Enterprise Perspective
The Great Virtualization Reset (HPE)
How AI readiness and operational complexity are driving a rethink of virtualization strategies.
The readiness gap:
- More than two-thirds of enterprises plan material changes to their virtualization strategy within the next two years.
- Only 5% of enterprises are fully ready to implement planned virtualization changes.
- Budget constraints (28%), technical complexity (24%), migration risk (21%), and skills gaps (20%) are cited as top barriers.
AI Adoption in Practice (Nudge Security)
How widespread AI adoption is creating new governance challenges.
The adoption picture:
- OpenAI is present in 96.0% of organizations. Anthropic is present in 77.8%.
- 17% of prompts include copy/paste and/or file upload activity.
- Detected sensitive-data events are led by secrets and credentials (47.9%), followed by financial information (36.3%) and health-related data (15.8%).
Industry-Specific
State of AI in the Public Sector (Euna Solutions)
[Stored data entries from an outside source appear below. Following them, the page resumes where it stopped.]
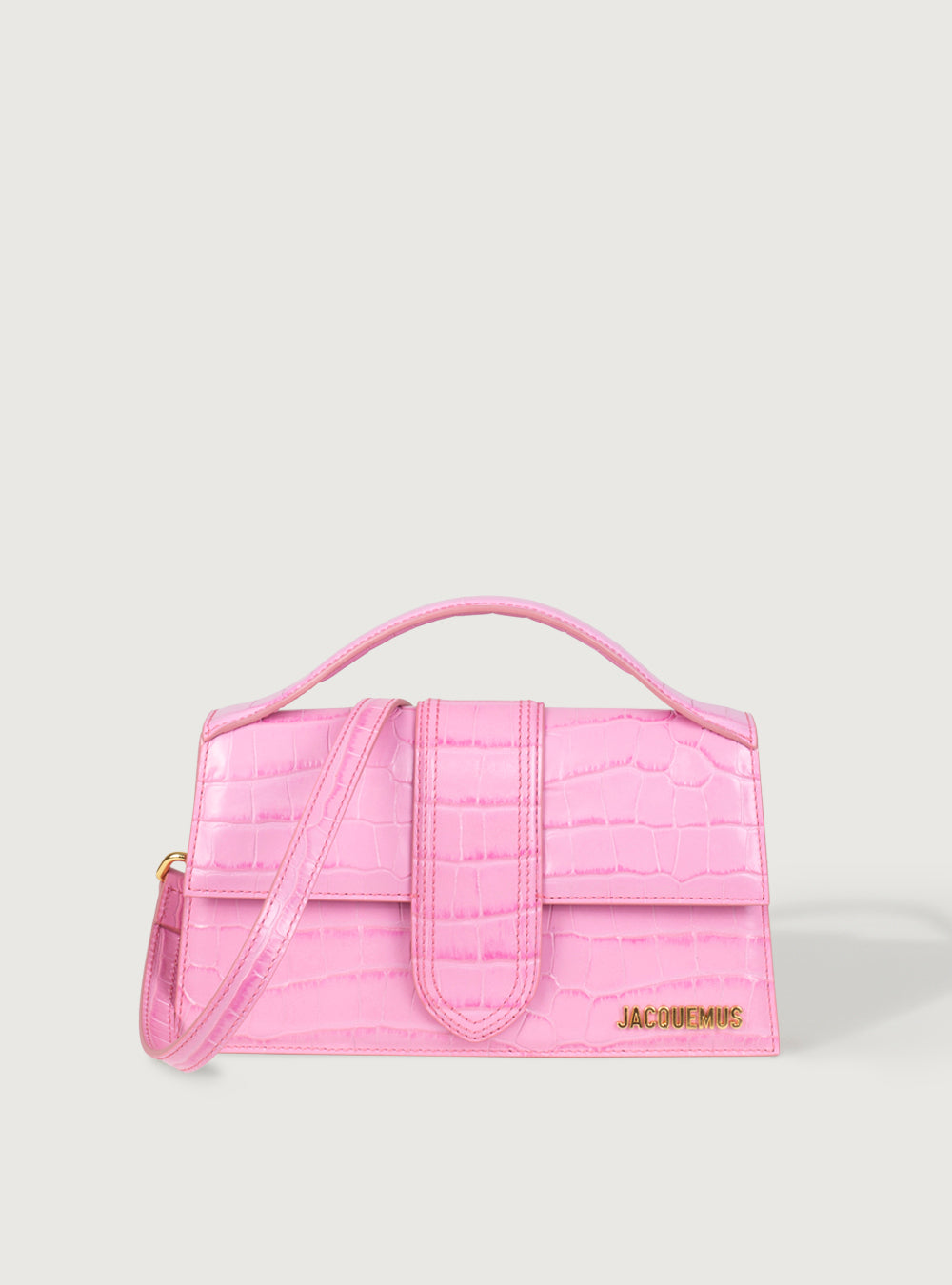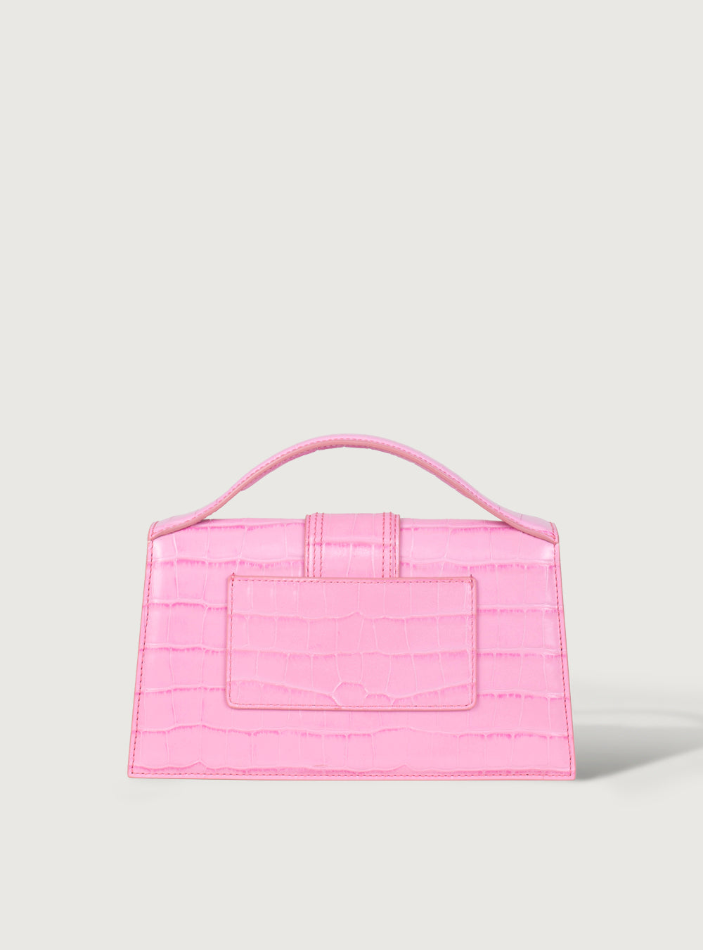 Le Grand Bambino in pastel pink leather, crocodile motif with embossed gold logo. Foldover top with magnetic closure, flat handle, and removable shoulder strap. Interior with gusseted pocket.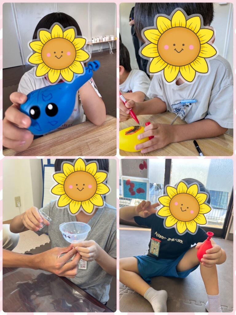 「えっ、風船の中に入れるの?」「こぼさないように…」と、みんな真剣な表情です。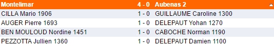 Dernière ligne droite avant la décision finale au classement, cette ronde s'est conclue par une large victoire de l'équipe 1 (3-0). La jeune équipe 2 s'est quant elle logiquement inclinée face aux expérimentés joueurs montiliens (4-0).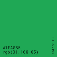 Цвет #1FA855 в цветовой модели RGB обозначается тремя октетами (31, 168, 85) в десятичном формате и #1FA855 в шестнадцатиричном (hex) формате, которые являются интенсивностью красного 31 (hex 1F), интенсивность зелёного 168 (hex A8) и интенсивность синего 85 (hex 55).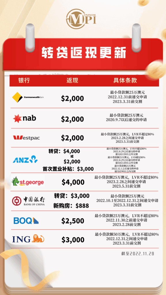 St George转贷补贴同为4000澳币,Nab  Westpac  CBA 同为2000澳币。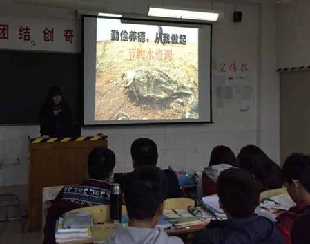今天在班内宣传委员的与团支书的组织下,开展了一场发人深省的“从点滴做起,珍惜水资源”的主题班会。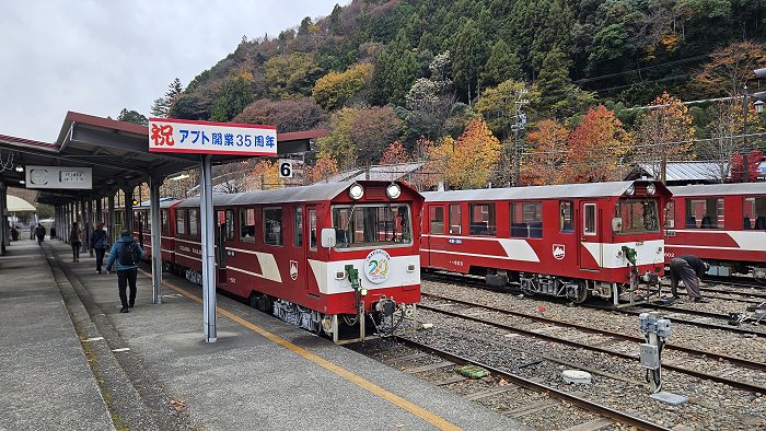 井川線列車進站。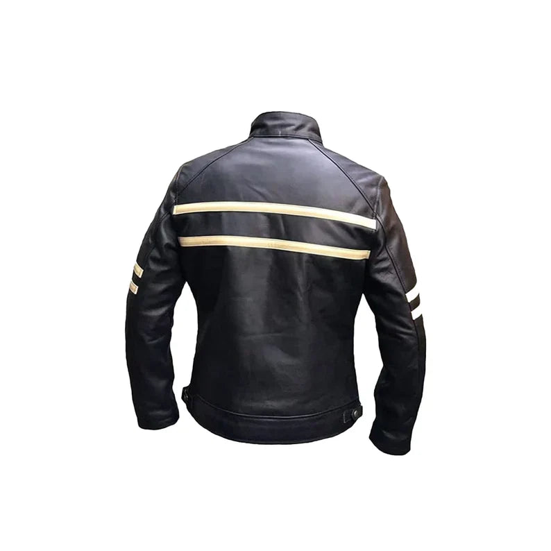 Men's Cruise Cafe Racer Stripe Biker Leather Jacket, Handmade Black and white Stripe Leather jacket,Winter Leather Jacket.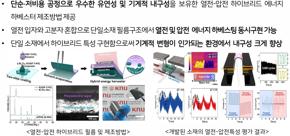 - 기술개요단순∙저비용 공정으로 우수한 유연성 및 기계적 내구성을 보유한 열전-압전 하이브리드 에너지 하베스터 제조방법 제공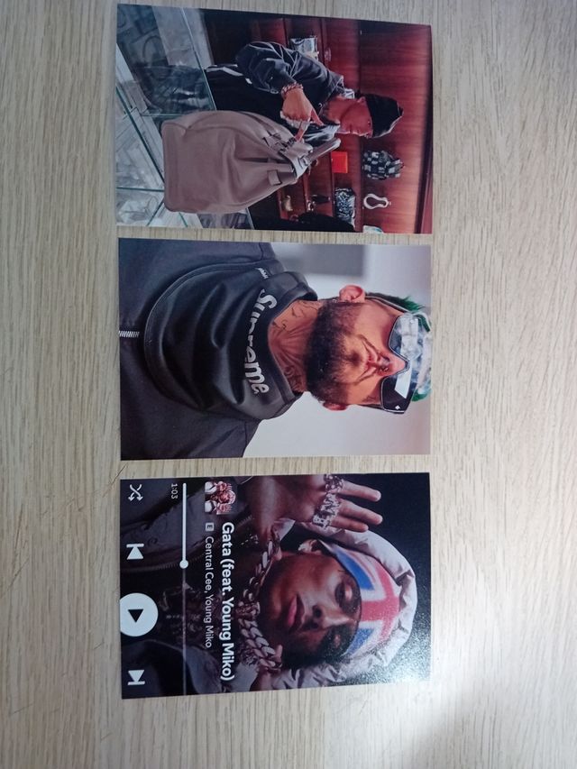 Conjunto de tres fotografías. - Una de ellas muestra un bolso. - Otra imagen presenta a una persona con una sudadera. - La tercera foto es una captura de una canción.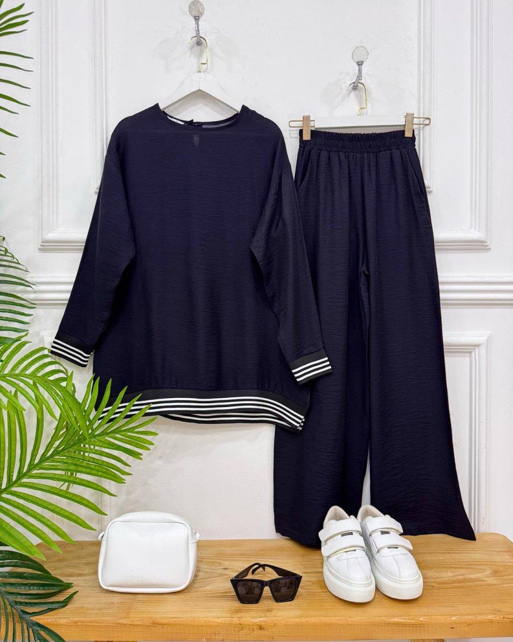 Yeni sezon-yazlıktır-ikili takımdır-etek ucu ve bilek kısmı ribanalıdır-Yan kısmı yurtmaçlıdır-Pantolon bol paçadır-ceplidir ve bel kısmı lastiklidir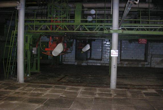 Около каждого питателя-смесителя располагается 6-8 кип, и работница, последовательно отбирая слои волокна из каждой из них, забрасывает его в рабочую камеру машины на питающую решетку. Хлопок при помощи питающей решетки подается в камеру питателя и захватывается наклонной игольчатой решеткой, которая направляет его на вращающийся разрыхлительный валик. Валик, вращающийся со скоростью 260-270 об/мин., разрыхляет хлопок, перемешивает его и очищает от посторонних примесей. Аналогичным образом осуществляется работа угарного питателя. Наряду с питателями-смесителями в последнее время широко применяются кипоразрыхлители, которые проходят вдоль ряда кип и снимают верхние слои хлопка самостоятельно, то есть без обслуживающего персонала (рис.4). Угарный питатель служит для равномерного добавления в смесь угаров хлопкового волокна (отходов) и их частичного разрыхления. В питателях-смесителях хлопок и угары (производственные отходы хлопка) перемешиваются и подаются по трубопроводу пневмотранспорта к головному питателю.

How public sector agencies are adopting AI, with early value in procurement, budgeting, and grants.
The public sector lag:
- 57% of public sector agencies are actively exploring and learning about AI.
- 16% are piloting small AI projects.
- Only 1.6% report broad AI deployment across departments.
CYBER360: Defending the Digital Battlespace (Everfox)
The growing tension between sharing sensitive data at mission speed and the risks of outdated infrastructure.
The national security threat:
- National security organizations faced an average of 137 attempted or successful cyberattacks per week in 2025, up from 127 in 2024.
- 53% of government IT security leaders rely on manual data transfer processes.
- 78% cite outdated infrastructure as a primary source of cyber vulnerability.